======== THE INPUT ========
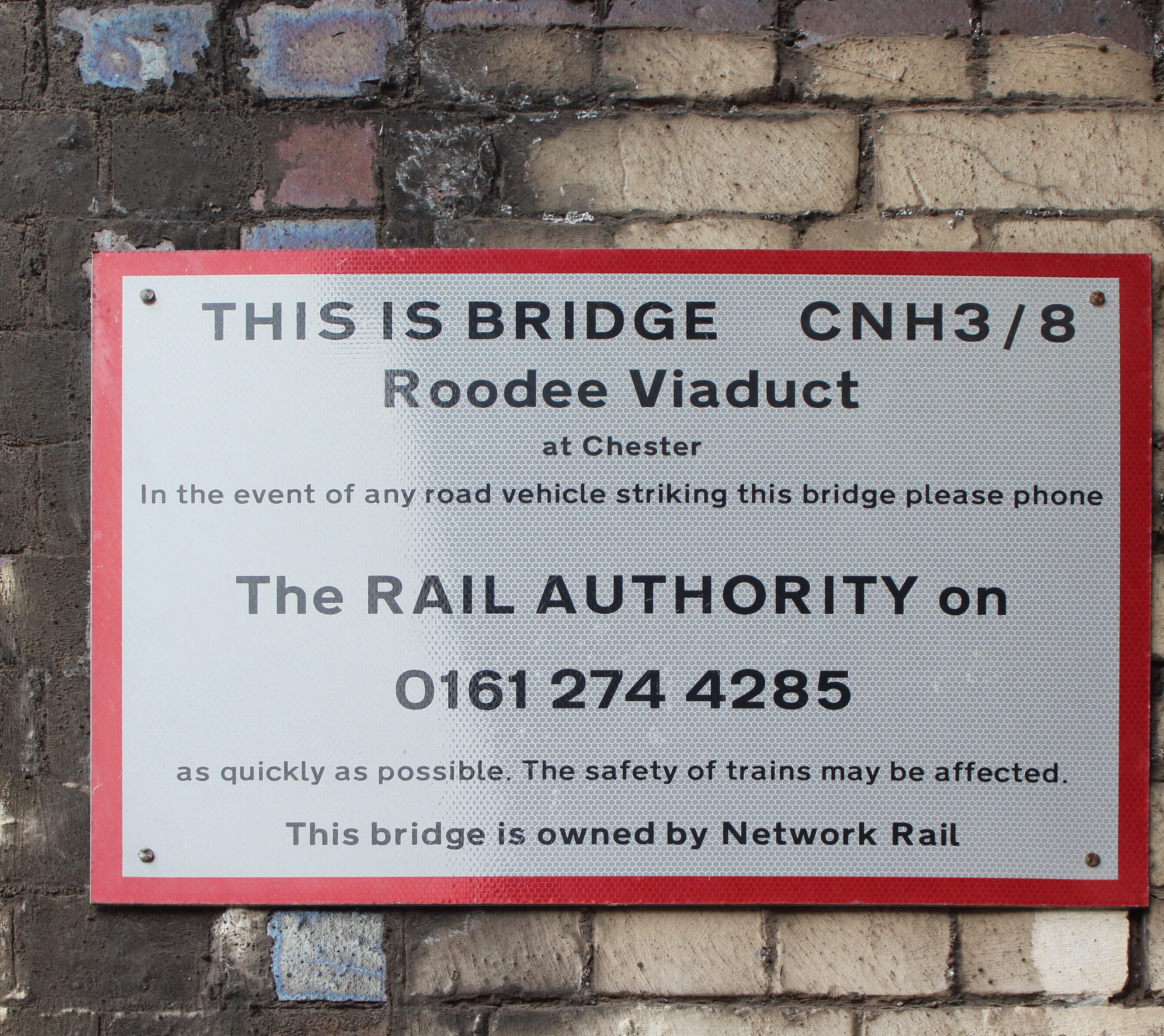 English: Plate showing name, code, distance from Euston and contact information in case of incidents. |
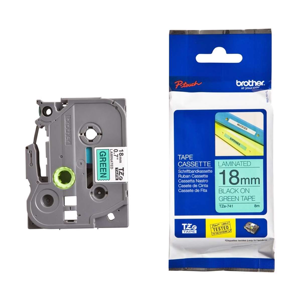 Labeltape Brother TZe 741 - prægetape fra Brother, der tåler næsten hvad som helst; fugt, kulde (ned til -50°C ), varme, stærke opløsningsmidler som syre samt mange andre kemikalier, olie, sollys og ikke mindst kraftig slid. Passer til P-touch TZe-tape labelmaskiner. TZe741
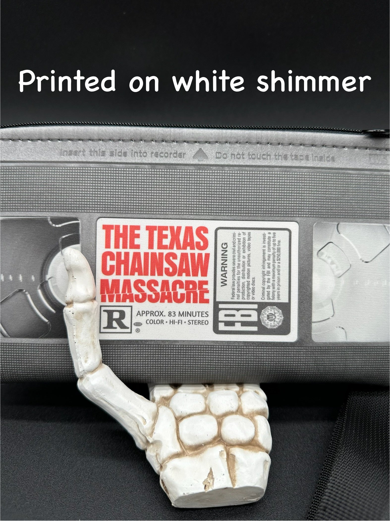 We are making these with three different types of vinyl: Shimmer Vinyl, Pearl Vinyl, and Glitter Vinyl. We print the image of the VHS tape directly onto the vinyl using our professional Roland UV Printer. Choose what type of vinyl you want using the drop-down menu and "add to cart." Then click or tap on "view cart" and write your movie title(s) in the "Order special instructions" box on the cart page. When checking out, please use an email address that you check often! We will send you a proof of the VHS with the movie you choose and will need approval before we make it. If you order multiples, just be sure to include all film titles in the note section.
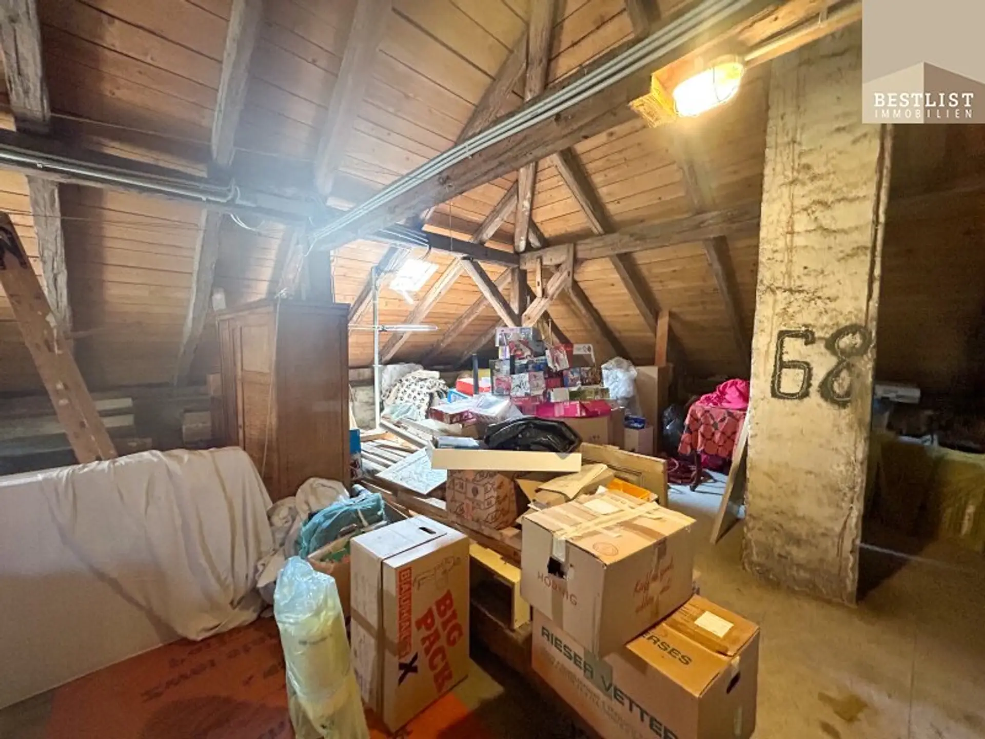 Der Dachboden ist sehr gut ausbaubar, sowohl im Ganzen, als auch für 2 Wohneinheiten. In der Begehung mit dem Bundesdenkmalamt wurde auch die Möglichkeit zur Schaffung einer Terrasse, nicht einsichtig aus dem öffentlichen Gut, in den Raum gestellt. Ebenso ist der Einbau eines Liftes - nach Absprache mit dem Bauamt möglich.
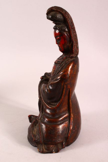 A CHINESE LACQUERED WOOD FIGURE OF GUANYIN, in a seated pose, 25.5cm
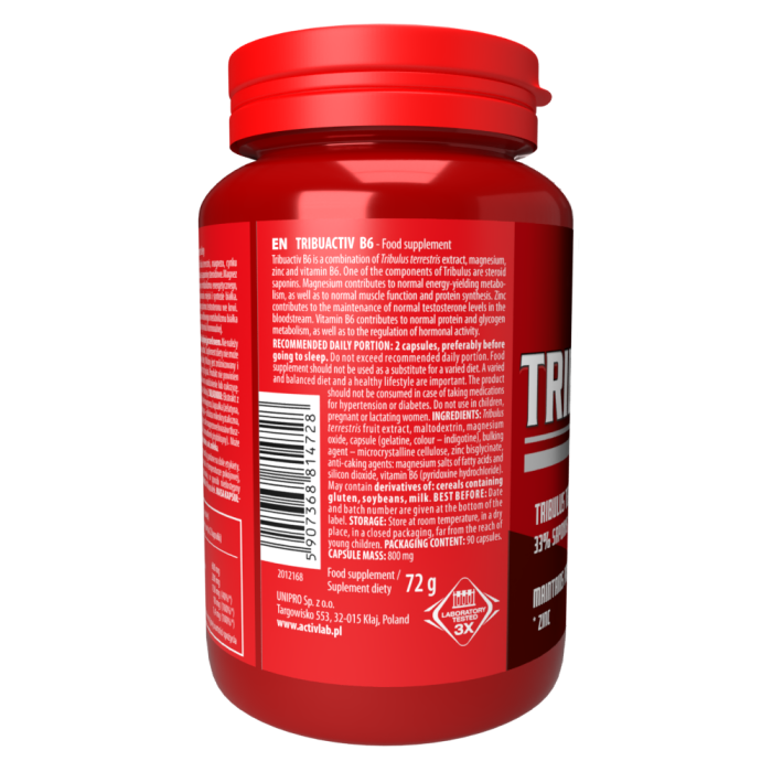 Tribuactiv B6 – kombinácia výťažku z rastliny Tribulus Terrestris, horčíka, vitamínu B6 a zinku, ktorý podporuje normálnu hladinu testosterónu v krvi
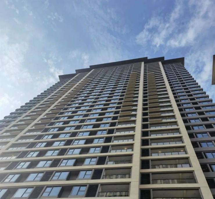站在楼下往上看,会发现米黄色外立面主基调,搭配浅色石漆以及大面积玻璃,在阳光下通体闪着光,十分耐看。
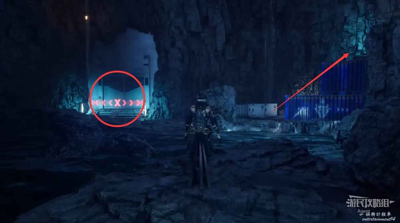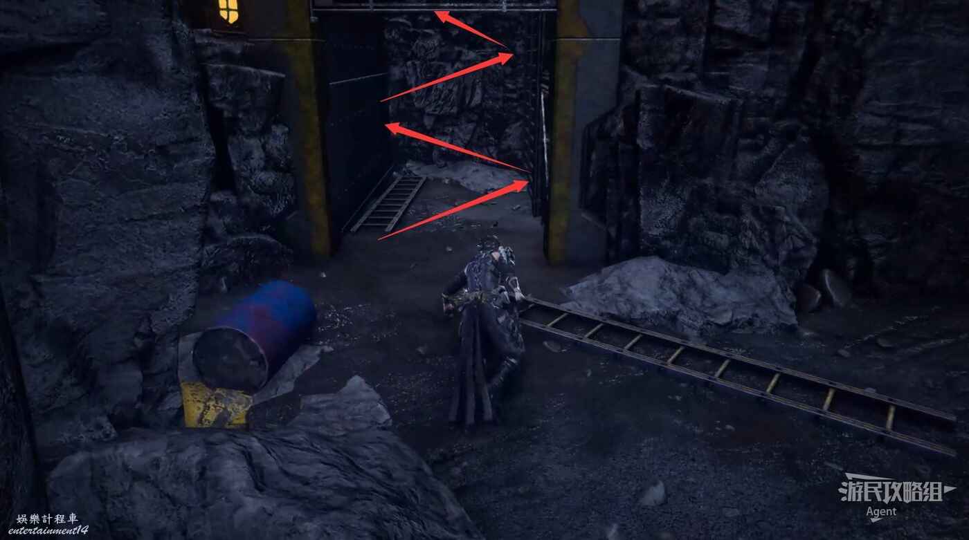 洞裡的門打不開,從旁邊集裝箱後面的路往上跳。可以走的路和牆都有黃色標記。
========
- [AIM OF THE EXERCISE] Pictures do not go in the copy. Write out exactly the lines from the line containing "Tribuactiv B6 –" through the last line of the listing.

- [RESULT]
 Tribuactiv B6 – kombinácia výťažku z rastliny Tribulus Terrestris, horčíka, vitamínu B6 a zinku, ktorý podporuje normálnu hladinu testosterónu v krvi
站在楼下往上看,会发现米黄色外立面主基调,搭配浅色石漆以及大面积玻璃,在阳光下通体闪着光,十分耐看。
 洞裡的門打不開,從旁邊集裝箱後面的路往上跳。可以走的路和牆都有黃色標記。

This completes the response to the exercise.